## Work order
Skip pictures in the listing below; copy exactly the lines from the one with "- 1 redon 600" through the one with "Sectional Perspective: Swarighat", inclusive.
****
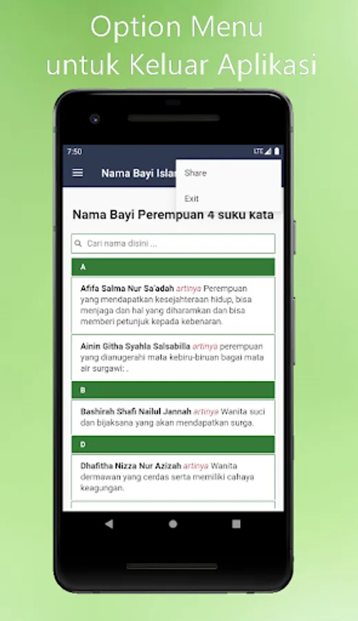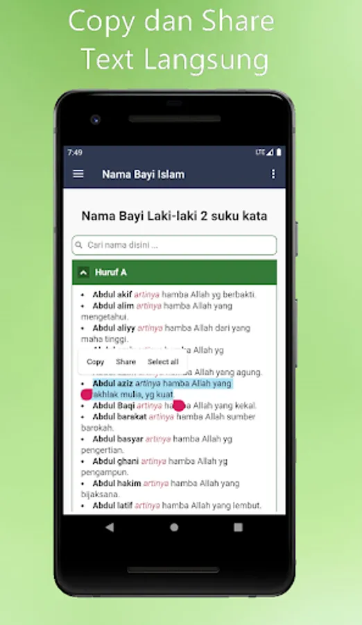 This application Islamic Baby Names and Meanings is a collection of various sources of Islamic baby names both male Islamic baby names and female baby names . We summarize to make it easier to find the name as desired.
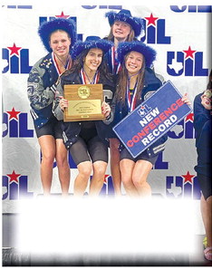 The 400-free relay of Cora Skoog, Kate Canales, Karly Whitehead and Addison Graham on the podium after winning the race and setting a new 5A record in the process. The fearsome foursome also set a record in the 200-medley relay, while Canales broke the 5A mark in the 100 breaststroke as the Lady Chargers set three 5A records at the meet.
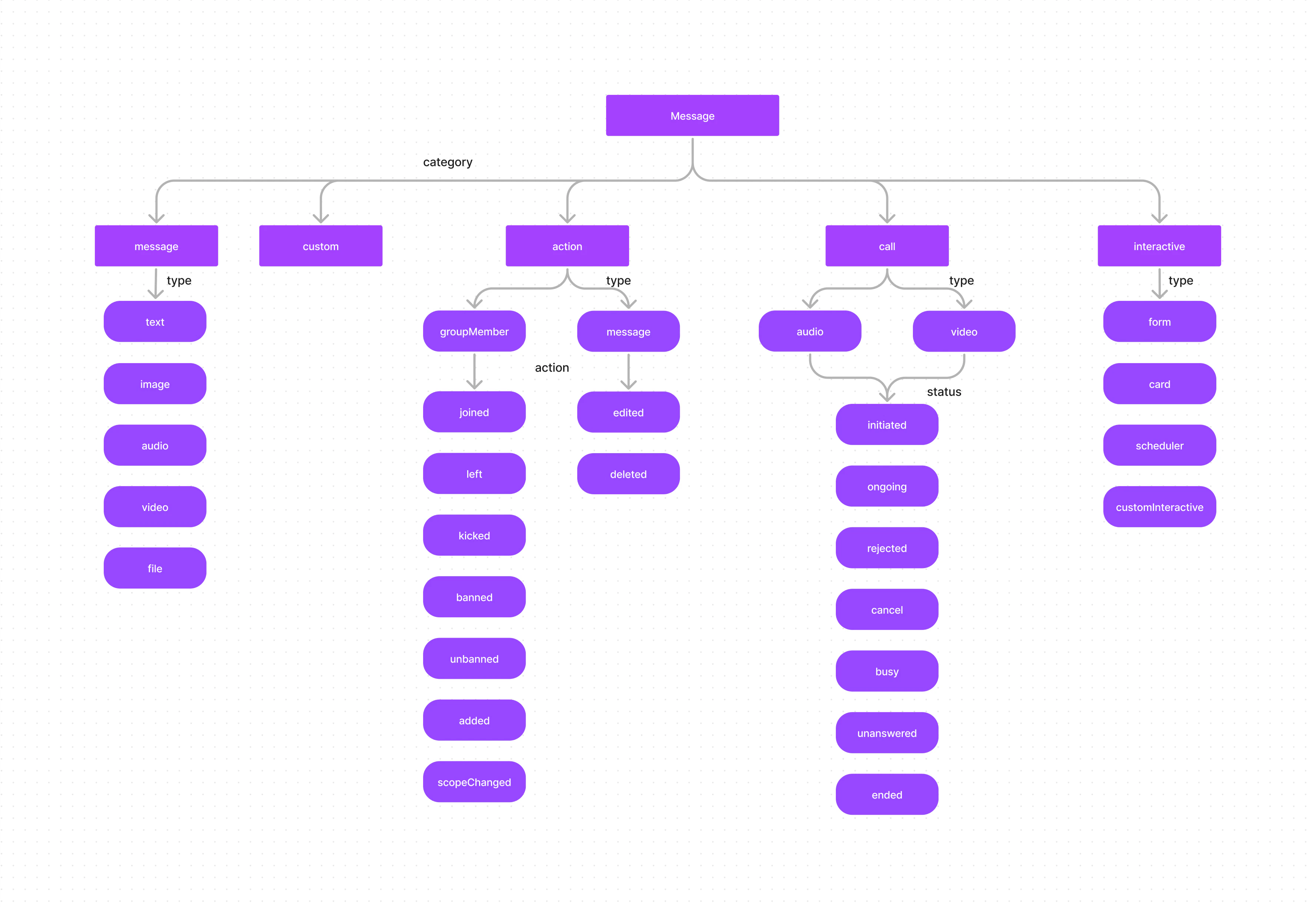 Messages with the categorycall are calling-related messages. These can belong to either one of the 2 types:
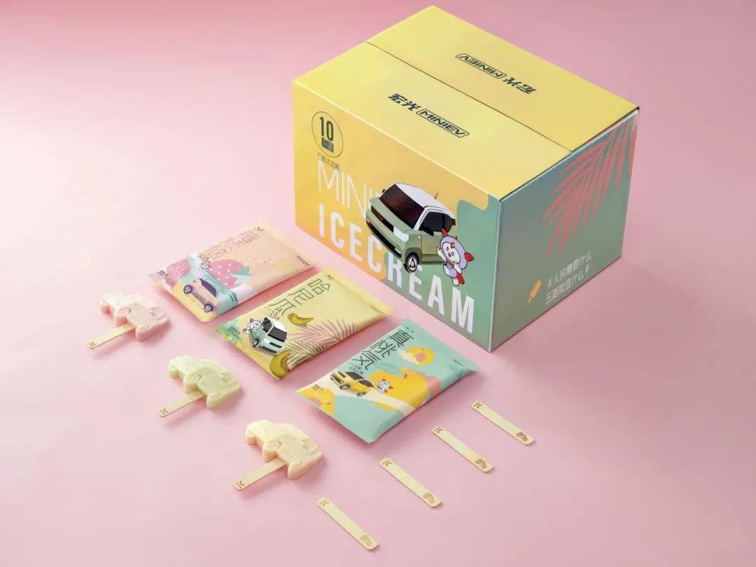 甚至在炎熱的夏天推出了宏光MINIEV馬卡龍雪糕,小清新風(fēng)格的外包裝,以及汽車造型的雪糕,成功地吸引了一波流量。
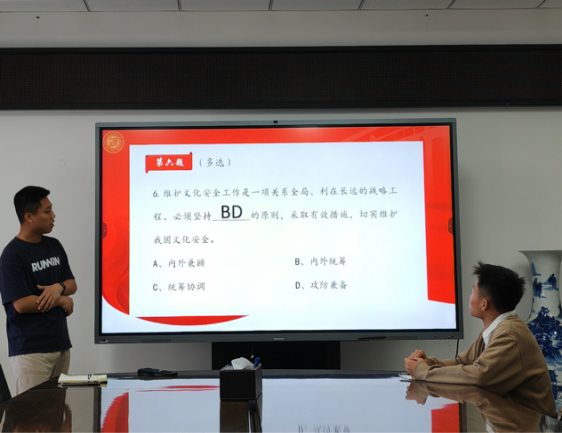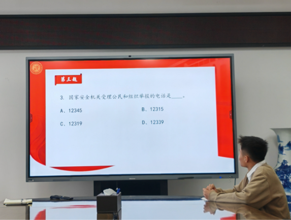 知识问答环节,学员们认真思考,积极抢答。内容涵盖《国家安全法》《反间谍法》等法律法规,以及生物安全、文化安全等新兴领域知识。“‘12339’是什么电话号码?”“发现危害国家安全行为应如何处理?”等贴近生活的问题,既检验了学习成效,又强化了“国家安全人人可为”的行动意识。
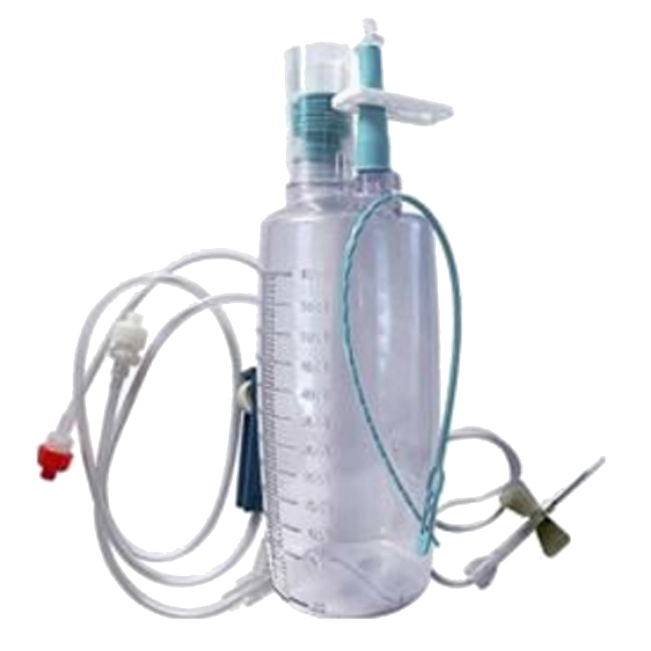 - 1 redon 600 ml (500 ml fonctionnels) sous vide (980 mbar) avec raccord Luer Lock femelle sur sortie souple avec clamp et témoin de vide. Graduation tous les 10 ml
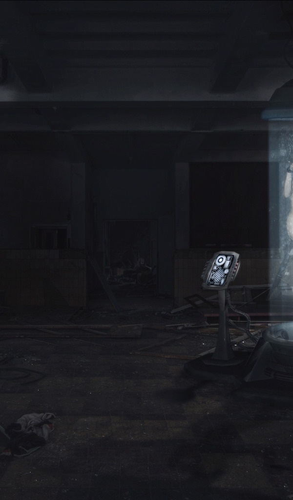 Назад к обои девушка, интерьер, капсула, пульт, пробирки
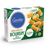 Ingrédients : Farine de BLE, maltodextrine, huile de colza, fromage Boursin® Ail et fines herbes deshydraté 12% (LAIT et CREME pasteurisés, ferments LACTIQUES, ail et fines herbes (1,4%), sel, poivre), LAIT entier en poudre, BEURRE concentré, protéines de LAIT, graisse végétale (coprah), sirop de glucose, sel, extrait de malt d'ORGE, préparation en poudre aromatisée (ail 0,3%, persil 0,05%, ciboulette 0,05%, poivre, arômes naturels), émulsifiant : lécithines, acidifiant : acide citrique, colorant : extrait de paprika.
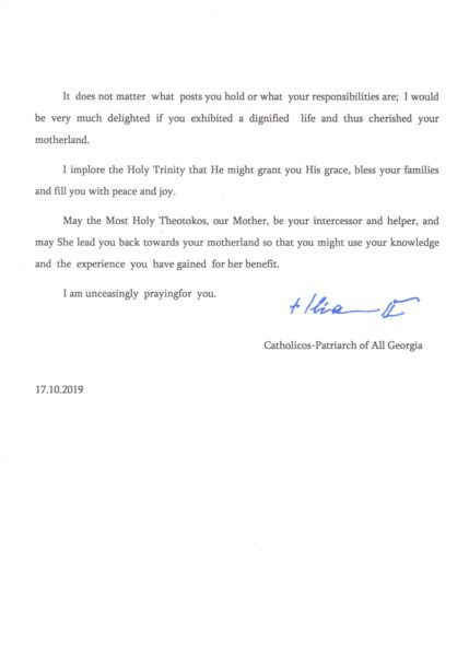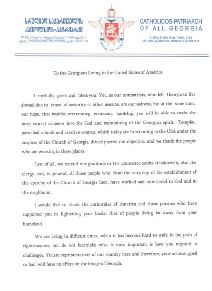 სრულიად საქართველოს კათოლიკოს-პატრიარქის მიმართვა აშშ-ში მცხოვრებ ქართველებს
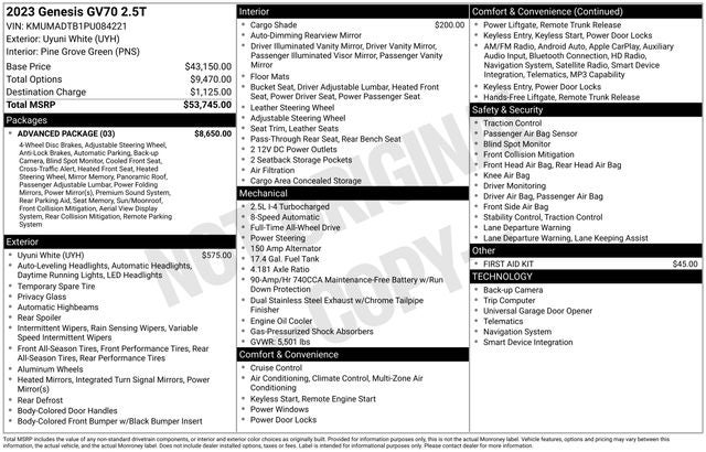 - Radio: AM/FM/SiriusXM/HD Premium Audio System -inc: navigation system, 9 speakers, internal amplifier, 14.5" HD display screen, Apple CarPlay and Android Auto, Bluetooth® hands-free phone system w/audio streaming, 4 USB ports and Genesis Connected Services
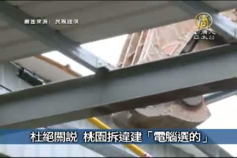 拆違建,桃園市府拆除大隊每天一早,用電腦隨機挑選「拆除目」標,電腦選中就立刻出發,對拆除地點更是保密到家,杜絕任何關說,也避免發生衝突,首波拆除達成率75%。
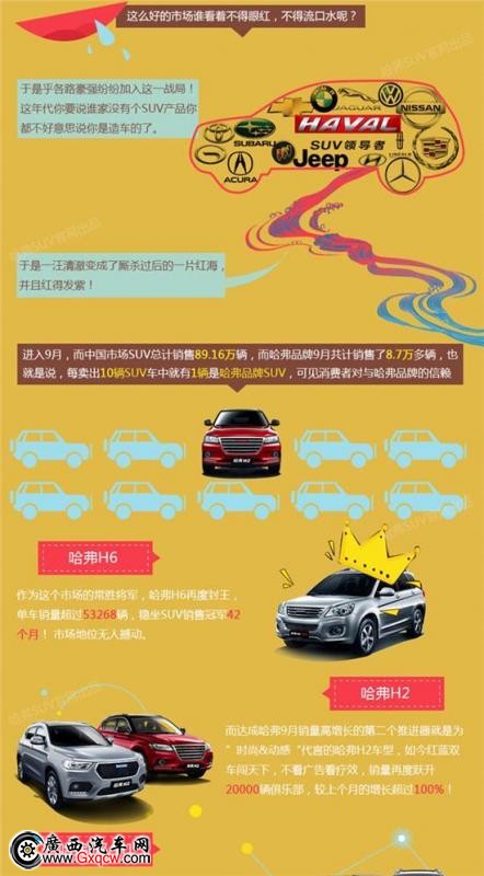 SUV市場已經(jīng)從“紅!毕颉吧罴t”演變,但哈弗品牌繼續(xù)保持強勁的增長勢頭。9月份哈弗銷售87627輛,同比勁增59.39%;前9月累計銷售590330輛,同比增長23.23%,毫無懸念地穩(wěn)坐SUV銷量冠軍寶座。
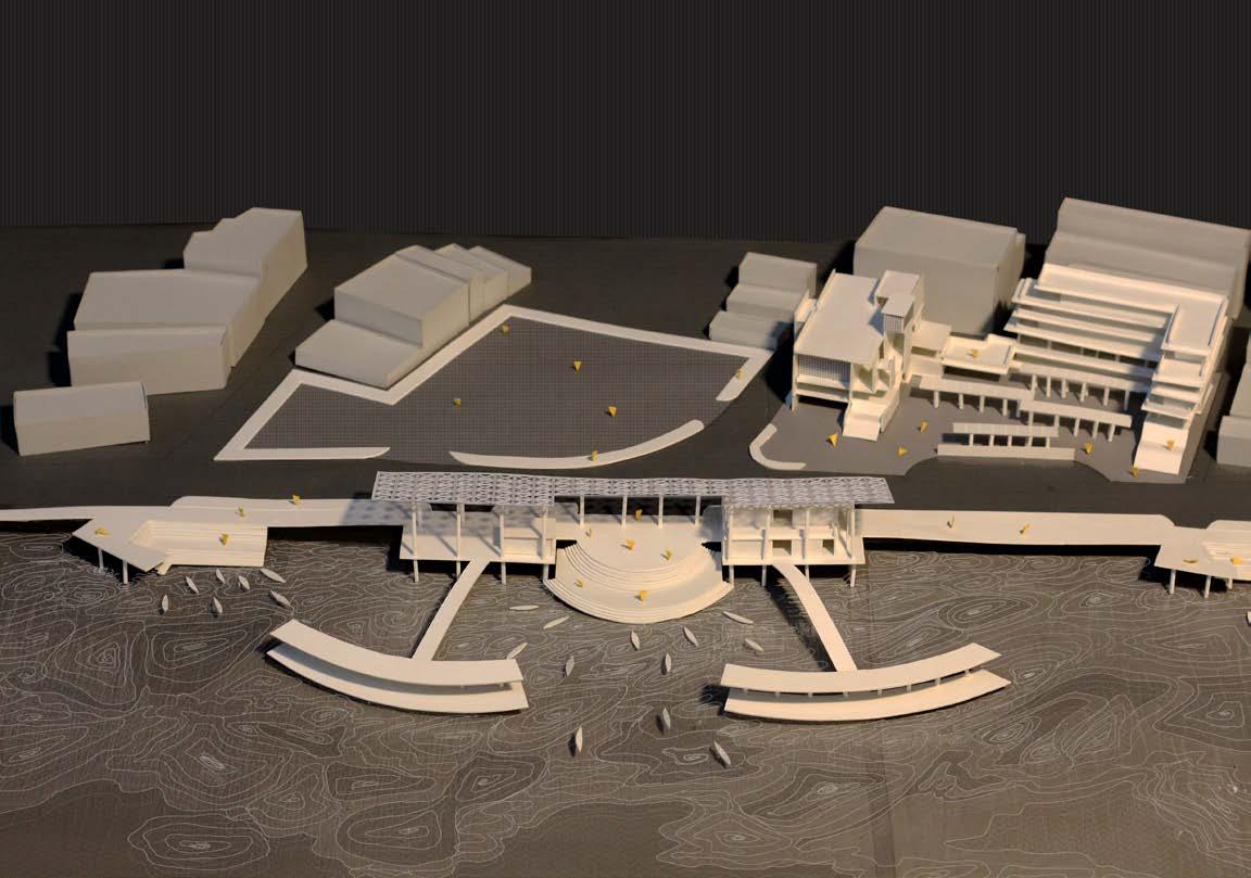 Sectional Perspective: Swarighat Mosque, Wholesale fish market, Business hub,godhi ghar building, the main road, bus stand, and the terminal and ponton on the riverfront. there is a long riverfront development for public gatherings, fairs, and public programs.
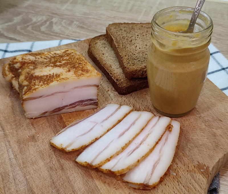 - Финал: Вынимаем, обсушиваем, нарезаем тонко. Подаём с чёрным хлебом, горчицей или хреном. Ой, да не важно с чем – сало прекрасно само по себе!
****
## Reply
 - 1 redon 600 ml (500 ml fonctionnels) sous vide (980 mbar) avec raccord Luer Lock femelle sur sortie souple avec clamp et témoin de vide. Graduation tous les 10 ml
 Назад к обои девушка, интерьер, капсула, пульт, пробирки
 Ingrédients : Farine de BLE, maltodextrine, huile de colza, fromage Boursin® Ail et fines herbes deshydraté 12% (LAIT et CREME pasteurisés, ferments LACTIQUES, ail et fines herbes (1,4%), sel, poivre), LAIT entier en poudre, BEURRE concentré, protéines de LAIT, graisse végétale (coprah), sirop de glucose, sel, extrait de malt d'ORGE, préparation en poudre aromatisée (ail 0,3%, persil 0,05%, ciboulette 0,05%, poivre, arômes naturels), émulsifiant : lécithines, acidifiant : acide citrique, colorant : extrait de paprika.
 სრულიად საქართველოს კათოლიკოს-პატრიარქის მიმართვა აშშ-ში მცხოვრებ ქართველებს
 - Radio: AM/FM/SiriusXM/HD Premium Audio System -inc: navigation system, 9 speakers, internal amplifier, 14.5" HD display screen, Apple CarPlay and Android Auto, Bluetooth® hands-free phone system w/audio streaming, 4 USB ports and Genesis Connected Services
 拆違建,桃園市府拆除大隊每天一早,用電腦隨機挑選「拆除目」標,電腦選中就立刻出發,對拆除地點更是保密到家,杜絕任何關說,也避免發生衝突,首波拆除達成率75%。
 SUV市場已經(jīng)從“紅!毕颉吧罴t”演變,但哈弗品牌繼續(xù)保持強勁的增長勢頭。9月份哈弗銷售87627輛,同比勁增59.39%;前9月累計銷售590330輛,同比增長23.23%,毫無懸念地穩(wěn)坐SUV銷量冠軍寶座。
 Sectional Perspective: Swarighat Mosque, Wholesale fish market, Business hub,godhi ghar building, the main road, bus stand, and the terminal and ponton on the riverfront. there is a long riverfront development for public gatherings, fairs, and public programs.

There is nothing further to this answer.